Intelligent Control of Servo Motor Drives

This report presents the application of intelligent control in servo motor drives. Firstly, the fuzzy neural network has been introduced. Then the control algorithm of recurrent fuzzy neural network used in linear synchronous motor drive and robust fuzzy-neural-network sliding-mode control for two-axis motion control system has been designed. The simulations and comparative experiments has been conducted in practical systems Gantry-type positioning platform drive control system, five-degree-of-freedom active magnetic bearing (AMB) and six-phase PMSM drive system to verify the the effectiveness of the proposed algorithms.

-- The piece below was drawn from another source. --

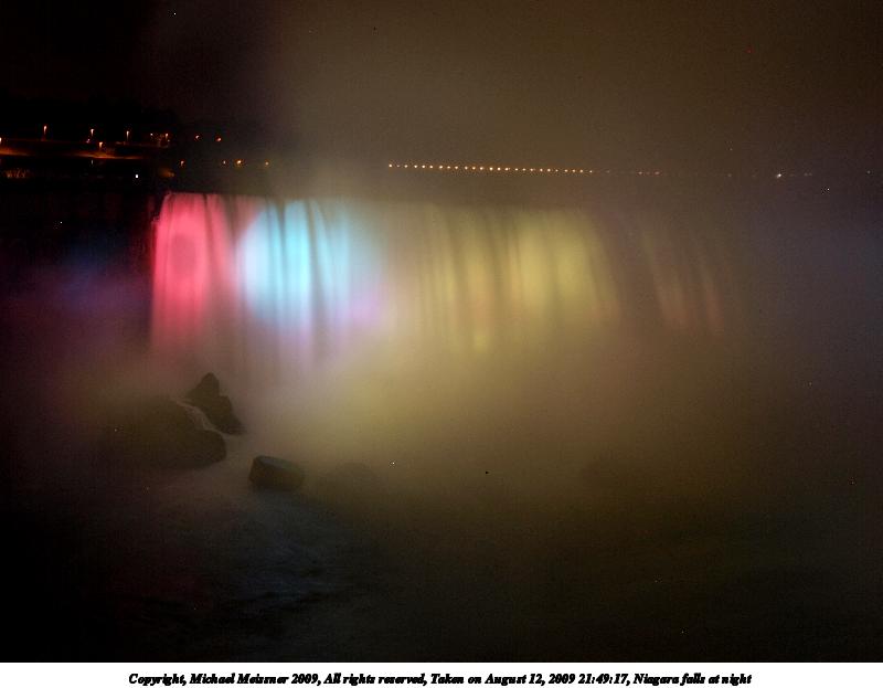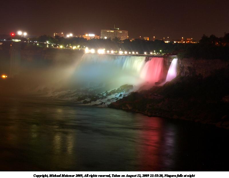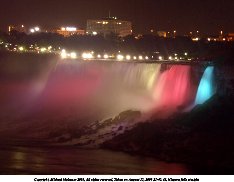 Picture #80: Niagara falls at night #3 800x623, 51,902 bytes (51K), (html file) Copyright, Michael Meissner 2009, All rights reserved Olympus E-3 camera with Olympus 14-54mm f/2.8-3.5 lens f/5.6, ISO 100, 11 sec, 41.0mm, bulb mode, natural color, SHQ, matrix metering, manual focus, noise filter low 35mm equivalent focal length 82.0mm Extra equipment used: tripod, wired shutter release Programs used: gimp Taken by Michael Meissner on August 12, 2009 21:55:20 Last modified on September 29, 2009 at 21:31 This picture is one of my favorites. |
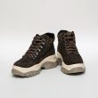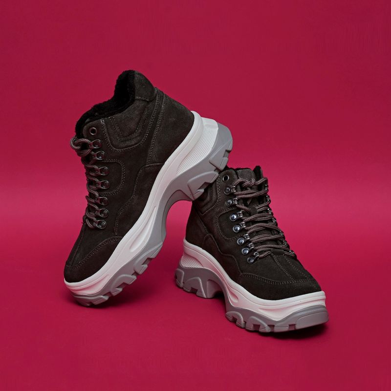 A pair of Black heeled boots ,has regular ankle and lace-ups

Faa-Jeng Lin (M’93, SM’99, F’17) received B.S. and M.S. degrees in electrical engineering from National Cheng Kung University, Taiwan, and Ph.D. degree in electrical engineering from National Tsing Hua University, Taiwan, in 1983, 1985, and 1993 respectively. Currently, he is a Chair Professor at the Department of Electrical Engineering, National Central University, Taiwan. His research interests include AC motor drives, power electronics, renewable energies, smart grids, intelligent and nonlinear control theories. His work has been widely cited. Several of his papers have helped to establish research areas such as fuzzy neural network control of motor drives and motion control systems, and resonant converters for piezo-ceramic motor drives. Moreover, he is Associate Editor of IEEE Trans. on Fuzzy Systems and IEEE Trans. on Power Electronics. In addition, he is the chair and principle investigator of Smart Grid Focus Center, National Energy Project Phase I and II in Taiwan, and the Executive Director of Taiwan Power Company. He received the Outstanding Research Awards from the National Science Council, Taiwan, in 2004, 2010 and 2013 and the Outstanding Professor of Engineering Award in 2016 from the Chinese Institute of Engineers, Taiwan. He is also an IET Fellow.